(Exercise aim)
Omit all images, then repeat exactly the lines below from the one containing "所得税の基礎控除額一覧表に住民税も付け加えたものがこちら↓" through the one containing "Our new house", both ends included.

(Study material)
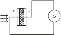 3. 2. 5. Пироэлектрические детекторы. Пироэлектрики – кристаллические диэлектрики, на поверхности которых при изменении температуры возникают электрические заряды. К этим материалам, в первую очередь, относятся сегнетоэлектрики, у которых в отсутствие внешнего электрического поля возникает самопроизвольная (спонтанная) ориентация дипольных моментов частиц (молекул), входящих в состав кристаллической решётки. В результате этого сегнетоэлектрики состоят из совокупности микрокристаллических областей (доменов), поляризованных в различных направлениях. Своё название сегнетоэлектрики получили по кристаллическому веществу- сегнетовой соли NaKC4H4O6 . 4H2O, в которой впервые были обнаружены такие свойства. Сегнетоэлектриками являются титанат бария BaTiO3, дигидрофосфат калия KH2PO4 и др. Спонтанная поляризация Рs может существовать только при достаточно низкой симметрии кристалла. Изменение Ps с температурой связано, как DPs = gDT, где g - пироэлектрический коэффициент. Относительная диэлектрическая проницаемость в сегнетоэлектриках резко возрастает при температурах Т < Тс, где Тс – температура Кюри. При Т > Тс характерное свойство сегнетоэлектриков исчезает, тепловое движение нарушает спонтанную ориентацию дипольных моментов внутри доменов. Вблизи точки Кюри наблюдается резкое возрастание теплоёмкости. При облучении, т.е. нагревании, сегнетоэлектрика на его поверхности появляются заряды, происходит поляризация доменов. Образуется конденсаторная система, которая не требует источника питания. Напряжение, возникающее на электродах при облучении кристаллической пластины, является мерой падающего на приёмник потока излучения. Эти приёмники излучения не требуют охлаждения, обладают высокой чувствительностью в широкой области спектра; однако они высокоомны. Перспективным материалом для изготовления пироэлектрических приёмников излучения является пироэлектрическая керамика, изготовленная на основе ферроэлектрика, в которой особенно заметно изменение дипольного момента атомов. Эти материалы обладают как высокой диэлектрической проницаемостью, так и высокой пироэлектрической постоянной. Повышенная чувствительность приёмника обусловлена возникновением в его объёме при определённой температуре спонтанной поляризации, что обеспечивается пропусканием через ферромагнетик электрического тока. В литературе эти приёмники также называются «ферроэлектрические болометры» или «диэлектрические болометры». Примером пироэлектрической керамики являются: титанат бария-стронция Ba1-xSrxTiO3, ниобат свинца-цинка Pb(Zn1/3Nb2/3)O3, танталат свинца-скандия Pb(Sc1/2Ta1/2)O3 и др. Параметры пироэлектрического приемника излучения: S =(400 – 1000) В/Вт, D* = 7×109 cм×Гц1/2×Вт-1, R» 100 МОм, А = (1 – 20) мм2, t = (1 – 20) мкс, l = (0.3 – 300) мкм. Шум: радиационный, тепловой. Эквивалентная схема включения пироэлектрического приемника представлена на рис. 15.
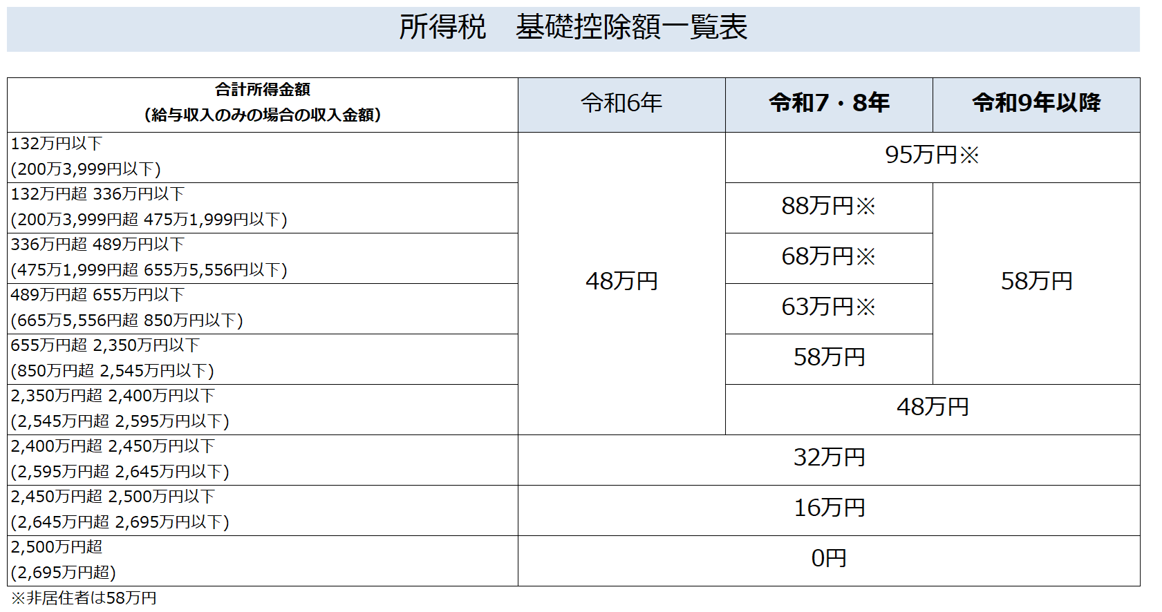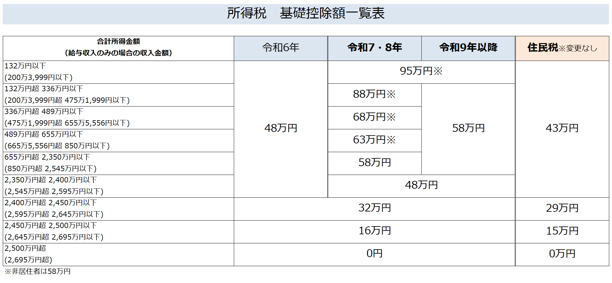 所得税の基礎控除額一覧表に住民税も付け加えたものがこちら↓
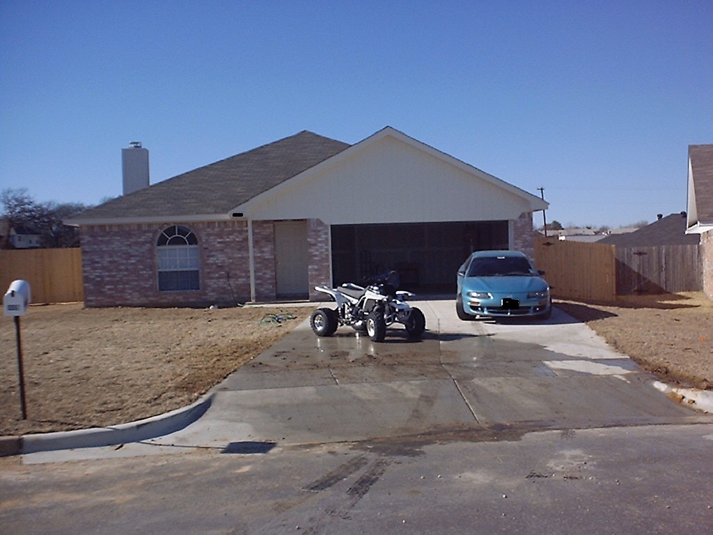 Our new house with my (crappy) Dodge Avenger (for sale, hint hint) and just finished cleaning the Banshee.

==

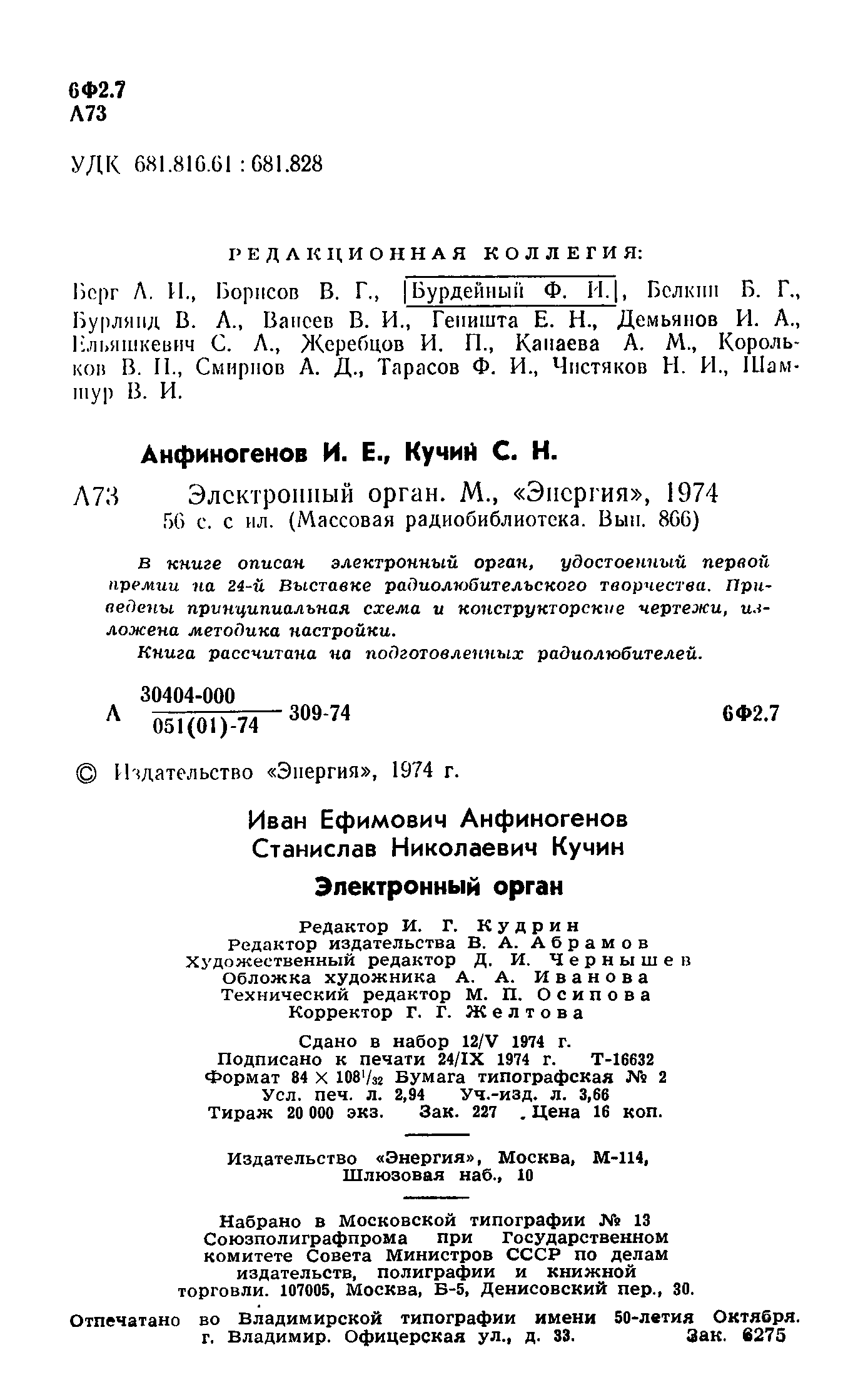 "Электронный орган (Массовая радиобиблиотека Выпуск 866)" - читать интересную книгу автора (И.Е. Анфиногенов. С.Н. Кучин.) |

(Answer below)
 所得税の基礎控除額一覧表に住民税も付け加えたものがこちら↓
 Our new house with my (crappy) Dodge Avenger (for sale, hint hint) and just finished cleaning the Banshee.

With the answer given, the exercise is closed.